An exact copy is needed of the lines in the entries below from the line with "Be the belle" up to and including the line with "с 3-х месяцев.", and of nothing else. Leave the pictures out.

◆ **Given records**
◇ ◇ ◇ ◇ ◇ ◇ ◇
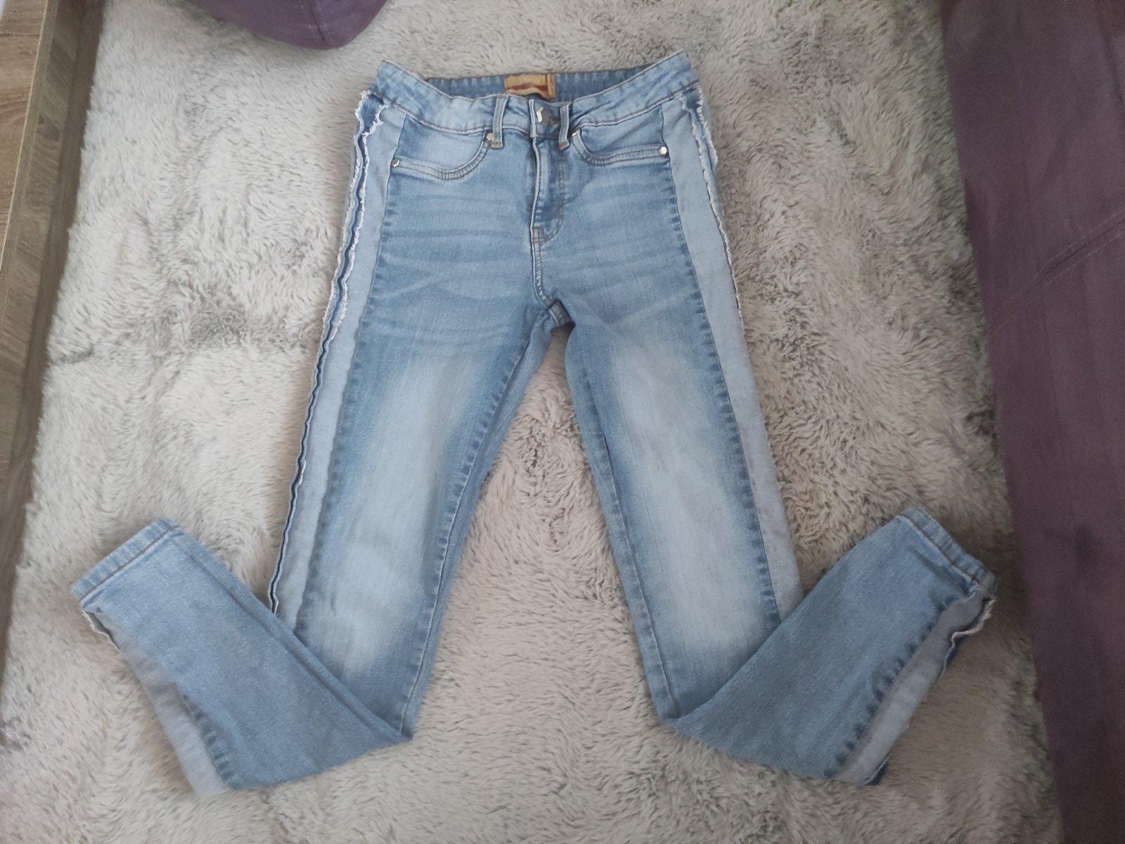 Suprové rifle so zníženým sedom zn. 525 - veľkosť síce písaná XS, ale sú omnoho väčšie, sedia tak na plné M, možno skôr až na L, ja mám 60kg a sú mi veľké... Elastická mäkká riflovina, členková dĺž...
◇ ◇ ◇ ◇ ◇ ◇ ◇
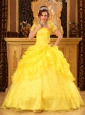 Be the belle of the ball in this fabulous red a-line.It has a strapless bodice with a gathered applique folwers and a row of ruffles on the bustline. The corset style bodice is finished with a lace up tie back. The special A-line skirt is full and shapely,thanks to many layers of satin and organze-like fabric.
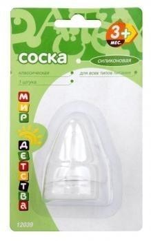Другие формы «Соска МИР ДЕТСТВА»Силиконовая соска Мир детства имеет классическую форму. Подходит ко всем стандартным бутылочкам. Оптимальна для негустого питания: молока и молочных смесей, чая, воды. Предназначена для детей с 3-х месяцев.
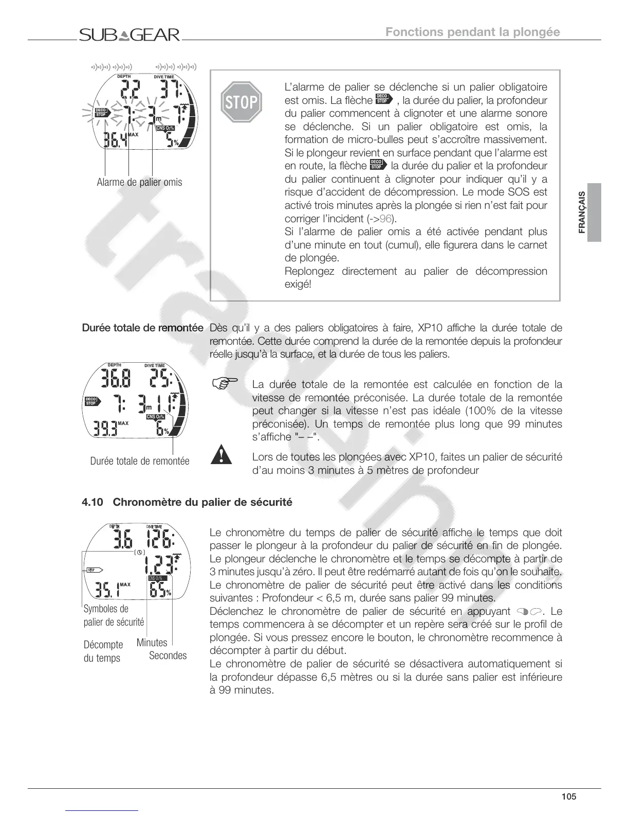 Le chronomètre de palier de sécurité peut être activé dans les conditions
◇ ◇ ◇ ◇ ◇ ◇ ◇
◆ **Exercise answer**
 Be the belle of the ball in this fabulous red a-line.It has a strapless bodice with a gathered applique folwers and a row of ruffles on the bustline. The corset style bodice is finished with a lace up tie back. The special A-line skirt is full and shapely,thanks to many layers of satin and organze-like fabric.
Другие формы «Соска МИР ДЕТСТВА»Силиконовая соска Мир детства имеет классическую форму. Подходит ко всем стандартным бутылочкам. Оптимальна для негустого питания: молока и молочных смесей, чая, воды. Предназначена для детей с 3-х месяцев.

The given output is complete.